I really disagree with much of this excerpt:
“Most writers don’t leave much money when they die, but many of them leave copyrights. My father was a writer, and his estate primarily consists of copyrights that yield enough income to support my 87-year-old mother.
Copyright is generally limited to the life of the writer plus 70 years. After that, the work goes into the public domain and is available to everyone. The Copyright Statute also includes a “fair use” clause, so that a few lines or phrases of a writer’s work can be used as illustration by someone else. The amount of words that constitute fair use varies according to court case. At present, it is 400 words.
Enter Google, the hip, incredibly profitable corporation whose motto is “Do No Evil.” Google doesn’t like the copyright laws as they have existed for centuries. Google wants the rights to store all the books in the world in its Google Library program, and the company doesn’t want to pay for that right.”
a few thoughts here:
Notice how the author uses the mother to invoke some sort of empathy?
Life plus seventy is not exactly a limited period of time – it’s not like works are protected for five minutes and then, hey, everyone gets to access them – life plus seventy functionally puts all works created behind the copyright wall for the life of intended readers and their kids and maybe their grandkids. Yep, that’s limited and available to everyone.
Last, but not least, copyright for centuries? I am not a lawyer, and all of my copyright knowledge comes from reading Title 17, Lessig, Litma, Vaidhyanathan, and news articles and accounts of domestic and international IP law and policy. And I do know that, though copyright has indeed been around for centuries, this life plus seventy thing is pretty darn recent (thanks, Disney) – and also, the United States itself was a pirate nation reprinting unauthorized versions of international texts for quite some time. We are relative newbies to this whole protectionist approach to copyright, actually, but we have taken to it, now that we know we can make money at it. That’s American ingenuity for you.

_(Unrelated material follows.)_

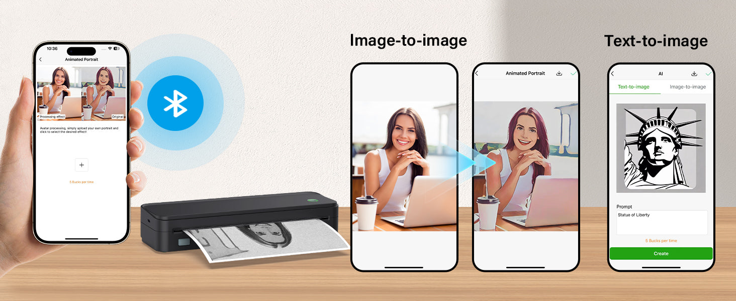 Support 8.5x11 US letter, A4, 4inch, and 2inch wide paper, with options for both roll and sheet paper. (Not compatible with Phomemo brand paper)

I think the author does have some valid points, and I am somewhat with her on her conclusion. I read something recently maybe in Lessig that talked about when the law and the common beliefs of average citizens are at odds, there is a crisis. And we seem to be there with copyright and online materials. The law says it’s illegal, Average Joe thinks it’s legal, and Google argues that even if it isn’t legal it should be. Disconnect. Problems. I also, though, would like to know how Google would react if some corporate entity wanted to take their intellectual property, archive it, and make it available online, all without compensating them – and then claim that the effort assists Google.